Huang C, Liu J, Haudenschild C C, Zhan X
Department of Experimental Pathology, The Holland Laboratory, American Red Cross, Rockville, Maryland 20855, USA.
J Biol Chem. 1998 Oct 2;273(40):25770-6. doi: 10.1074/jbc.273.40.25770.

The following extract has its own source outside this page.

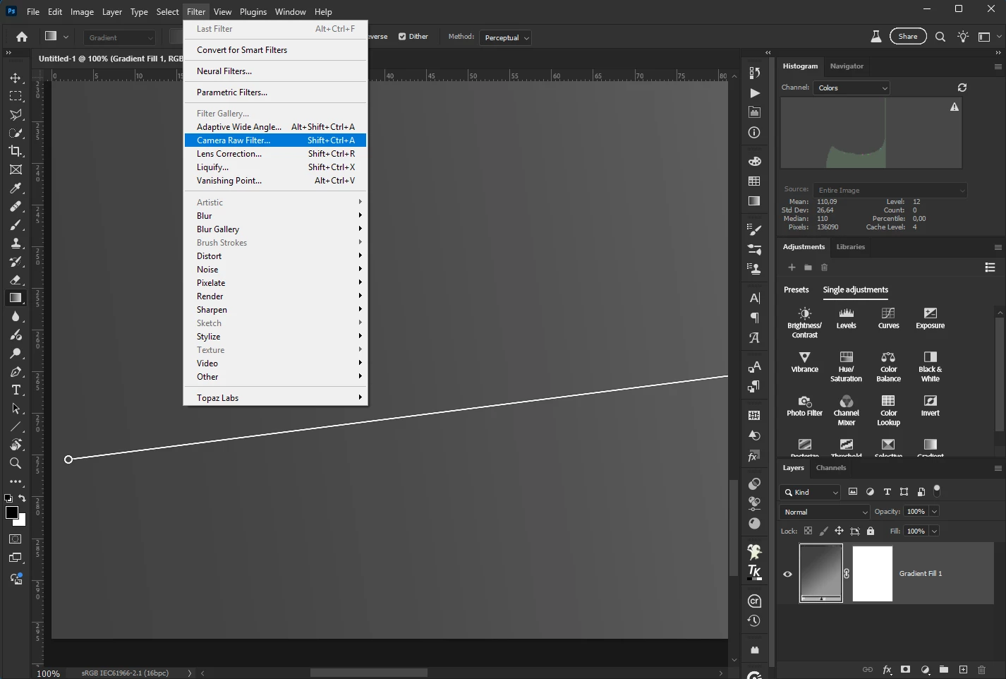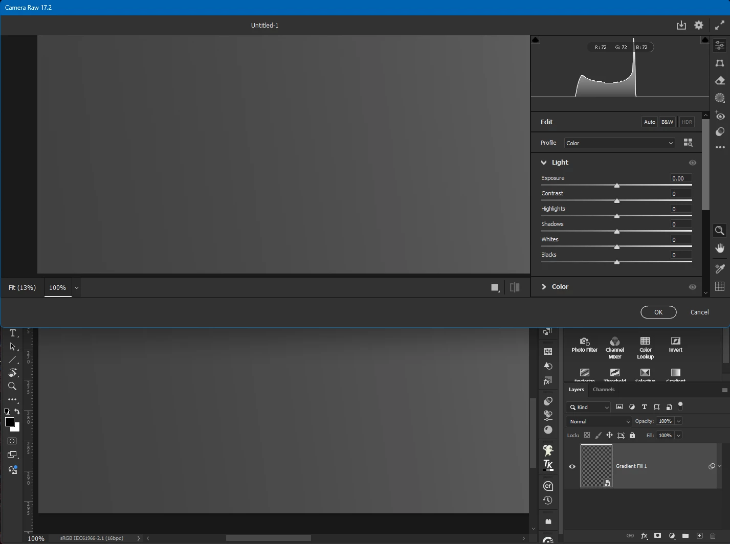 If you use the Camera RAW filter on this picture the gradient is displayed very smooth without banding.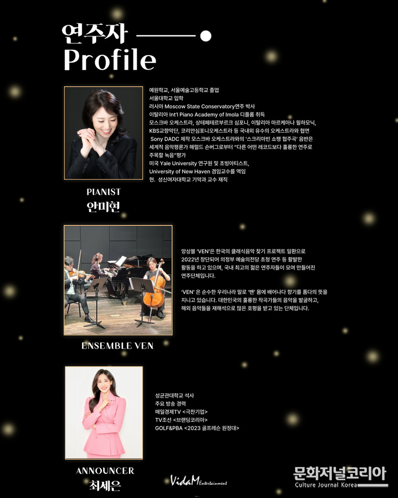 뉴욕 필하모닉 최초 한국인 남성 종신 단원 출신이자 현재 카타르 필하모닉 오케스트라 악장으로 활동 중인 오주영은 세계 주요 무대에서 축적한 음악적 경험을 바탕으로, 이번 공연에서 ‘성과’가 아닌 ‘과정’을 이야기한다. 곡 사이사이 이어지는 아나운서와의 대화를 통해 어린 시절 음악을 처음 만났던 순간부터 세계 무대에서 형성된 음악적 태도, 그리고 현재 음악을 바라보는 시선까지를 자연스럽게 풀어낼 예정이다.

Cortactin, a filamentous actin cross-linking protein and a substrate of Src protein tyrosine kinase, is phosphorylated at tyrosine residues upon stimulation by extracellular signals. We have previously demonstrated that the filamentous actin cross-linking activity of cortactin is attenuated by Src (Huang, C., Ni, Y., Gao, Y., Haudenschild, C. C., and Zhan, X. (1997) J. Biol. Chem. 272, 13911-13915). In vitro, tyrosine phosphorylation of cortactin occurs specifically within the region between the proline-rich sequence and the Src homology 3 domain. Among the nine tyrosine residues in this region, mutations at Tyr421, Tyr466, and Tyr482 significantly reduced Src-meditated tyrosine phosphorylation both in vitro and in vivo. Ectopic expression of wild-type cortactin in ECV304, a spontaneously transformed human umbilical endothelial cell line, resulted in an enhanced cell migration. In contrast, overexpression of a cortactin mutant deficient in tyrosine phosphorylation impaired the migration of endothelial cells. These findings reveal an intracellular signaling mechanism whereby the motility of endothelial cells is regulated by a Src-mediated tyrosine phosphorylation of cortactin.
皮层肌动蛋白是一种丝状肌动蛋白交联蛋白,也是Src蛋白酪氨酸激酶的底物,在受到细胞外信号刺激时,其酪氨酸残基会发生磷酸化。我们之前已经证明,Src会减弱皮层肌动蛋白的丝状肌动蛋白交联活性(黄,C.,倪,Y.,高,Y.,豪登施尔德,C.C.,和詹,X.(1997年)《生物化学杂志》272,13911 - 13915)。在体外,皮层肌动蛋白的酪氨酸磷酸化特异性地发生在富含脯氨酸序列和Src同源3结构域之间的区域内。在该区域的九个酪氨酸残基中,Tyr421、Tyr466和Tyr482处的突变在体外和体内均显著降低了Src介导的酪氨酸磷酸化。在ECV304(一种自发转化的人脐静脉内皮细胞系)中异位表达野生型皮层肌动蛋白会导致细胞迁移增强。相反,过表达缺乏酪氨酸磷酸化的皮层肌动蛋白突变体则会损害内皮细胞的迁移。这些发现揭示了一种细胞内信号传导机制,即内皮细胞的运动性由Src介导的皮层肌动蛋白酪氨酸磷酸化调节。